15

Which part of syntax provides the information that this function should run in other thread and be non-blocking?

Let's consider simple asynchronous I/O in node.js

 var fs = require('fs');
 var path = process.argv[2];

  fs.readFile(path, 'utf8', function(err,data) {
   var lines = data.split('\n');
   console.log(lines.length-1);
  });

What exactly makes the trick that it happens in background? Could anyone explain it precisely or paste a link to some good resource? Everywhere I looked there is plenty of info about what callback is, but nobody explains why it actually works like that.

This is not the specific question about node.js, it's about general concept of callback in each programming language.

EDIT:

Probably the example I provided is not best here. So let's do not consider this node.js code snippet. I'm asking generally - what makes the trick that program keeps executing when encounter callback function.
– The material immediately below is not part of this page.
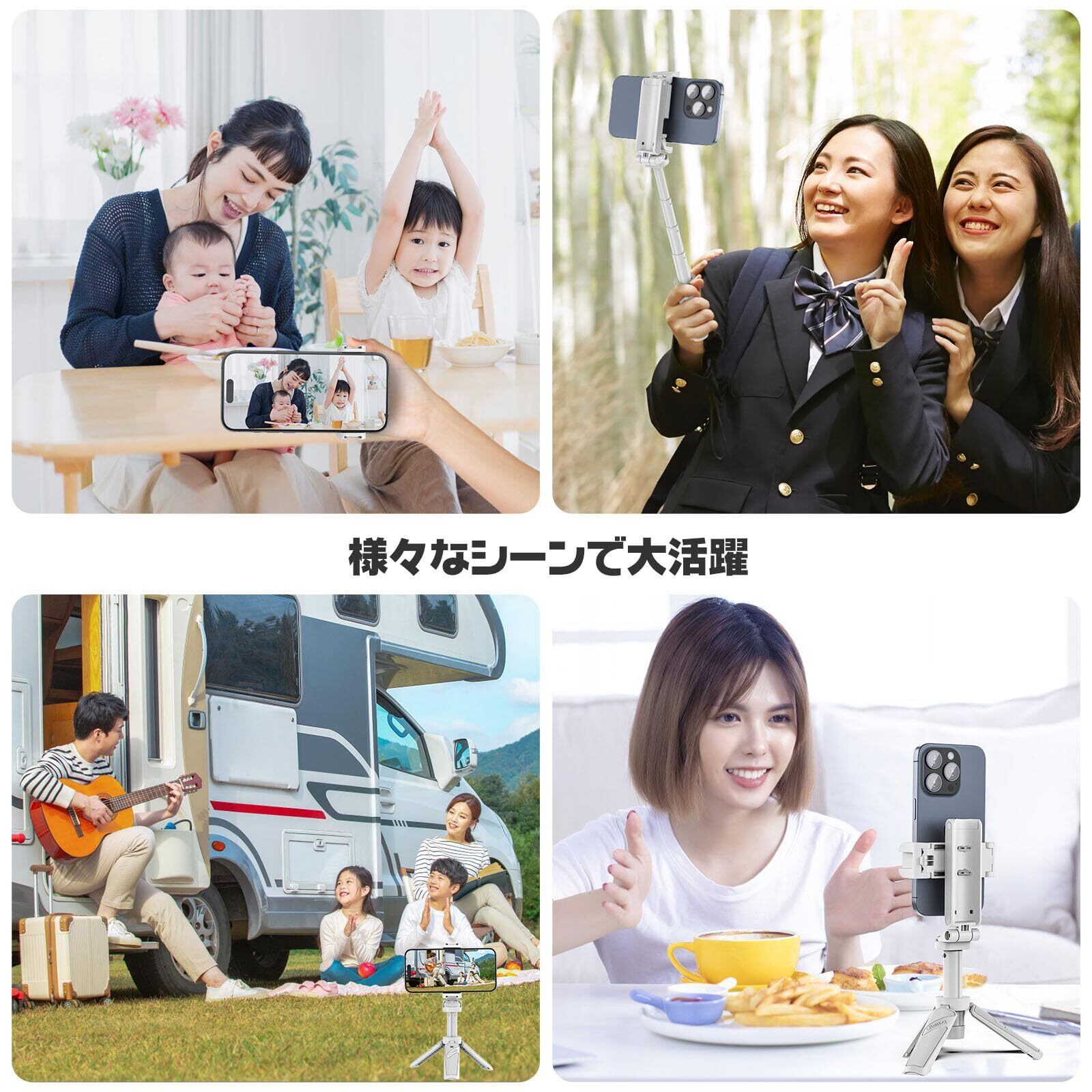 【伸縮式自撮り棒/ミニ三脚モード】JJ02スマホグリップは、自撮りや高いところの撮影に適した伸縮式セルフィースティックを内蔵しており、4段階調整で最長36.5cmまで伸びます。また、360°回転するスマホホルダーにより、縦・横・斜め撮影が可能です。セルカ棒とスマホ三脚スタンドを自由変換して、手持ちのセルフィーだけでなく、動画鑑賞、集合写真、生放送、Youtube、オンライン会議などに適用です。ご注意:商品が軽量なので、俯瞰撮影に対応しません。首を下げるとスマホの重みで前向きに倒れる可能があります。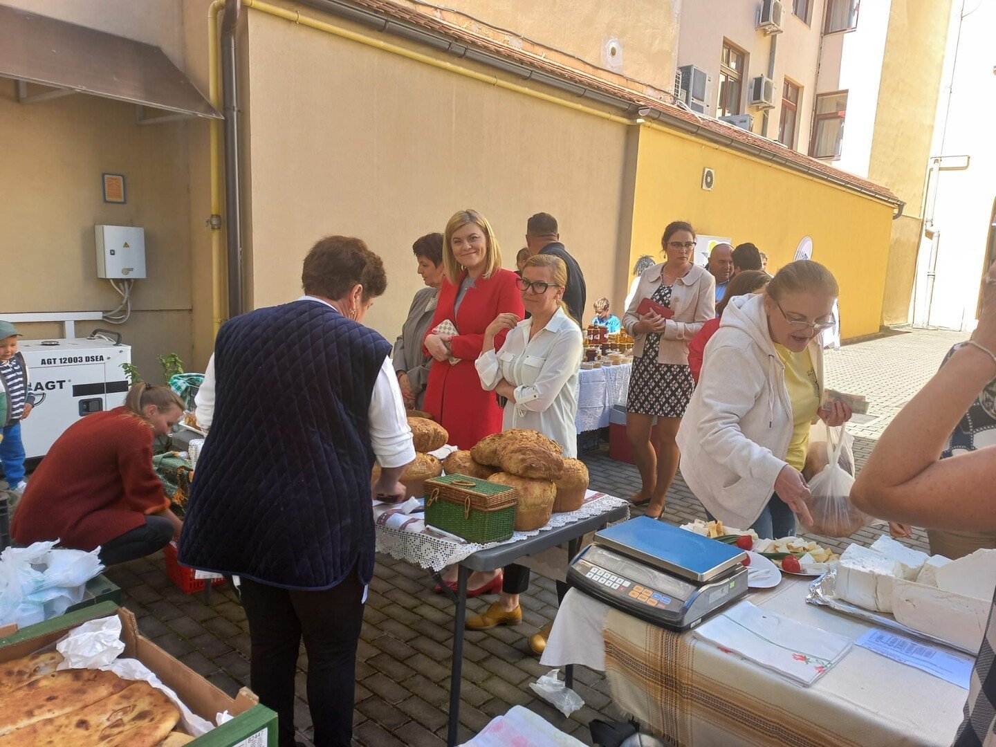 Oaspeții au fost întâmpinați în curtea interioară a instituției de producători locali din județul Sibiu și au putut degusta și achiziționa produse atestate cu mențiunea Produs Montan și Produs Tradițional.

What is in syntax that makes callback concept a non-blocking one?

Thanks in advance!

theDC
  • 6,364
  • 10
  • 56
  • 98
  • You already have answers, but you can read that too [javascript callback : functions are objects](http://recurial.com/programming/understanding-callback-functions-in-javascript/) – MacKentoch Apr 26 '15 at 21:15
  • There's no way to generalize this. Callbacks run when they're called, and that depends entirely on what you're passing the callback to, regardless of the language. – Dave Newton Apr 26 '15 at 21:15
  • nothing in the code you posted has anything to do with async processing. In fact, JavaScript is not a multi-threaded language, so you can never actually "trigger something to happen in the background". you can, however, **simulate** async behavior by using some third party library like `Q` that easily creates promise chains. Some core node functions may operate on a different thread, but you do not have access to them and cannot control their behavior. – Claies Apr 26 '15 at 21:19
  • 1
    Nothing in JavaScript's syntax defines sync v. async. – Dave Newton Apr 26 '15 at 21:27
  • Maybe another way to ask this question would be... If I wanted to write a simple JavaScript function which accepted another function as an argument and invoked that function without blocking the caller, how would I write it? – David Apr 26 '15 at 21:41
  • you wouldn't, since JavaScript is not asynchronous. – Claies Apr 26 '15 at 21:52
  • you could, however, employ one of the many promise libraries available for JavaScript which can ***simulate*** non-blocking operations. – Claies Apr 26 '15 at 21:54
  • based on all your responses in the comments, it's clear that you are asking about a general concept, which isn't even present in the language you tagged or related at all to the code you posted. – Claies Apr 26 '15 at 21:56
  • related, if not duplicate: [Are all javascript callbacks asynchronous? If not, how do I know which are?](http://stackoverflow.com/q/19083357/1048572) – Bergi Apr 26 '15 at 21:57
  • Do you recommend to close the thread and create new one about mere callback concept? This might be a good idea – theDC Apr 26 '15 at 21:58
  • @Claies: Promise libraries don't simulate anything ([they're just callbacks](http://stackoverflow.com/a/22562045/1048572)), they do need some asynchronous primitives themselves to make operations non-blocking. – Bergi Apr 26 '15 at 21:59
  • @DCDC It's not obvious what you're asking that hasn't already been answered. Callbacks and asynch/synch are orthogonal. Neither implies either. – Dave Newton Apr 26 '15 at 22:00
  • @Bergi I may have worded it wrong, but my point is that promises, callbacks, etc. are never truly async in JavaScript unless they access platform specific features, which are related to what the function does, not how it's written.... it's all faking it in the language tagged on the question. – Claies Apr 26 '15 at 22:05

3 Answers3

28

There is nothing in the syntax that tells you your callback is executed asynchronously. Callbacks can be asynchronous, such as:

setTimeout(function(){
    console.log("this is async");
}, 100);

or it can be synchronous, such as:

an_array.forEach(function(x){
    console.log("this is sync");
});

So, how can you know if a function will invoke the callback synchronously or asynchronously? The only reliable way is to read the documentation.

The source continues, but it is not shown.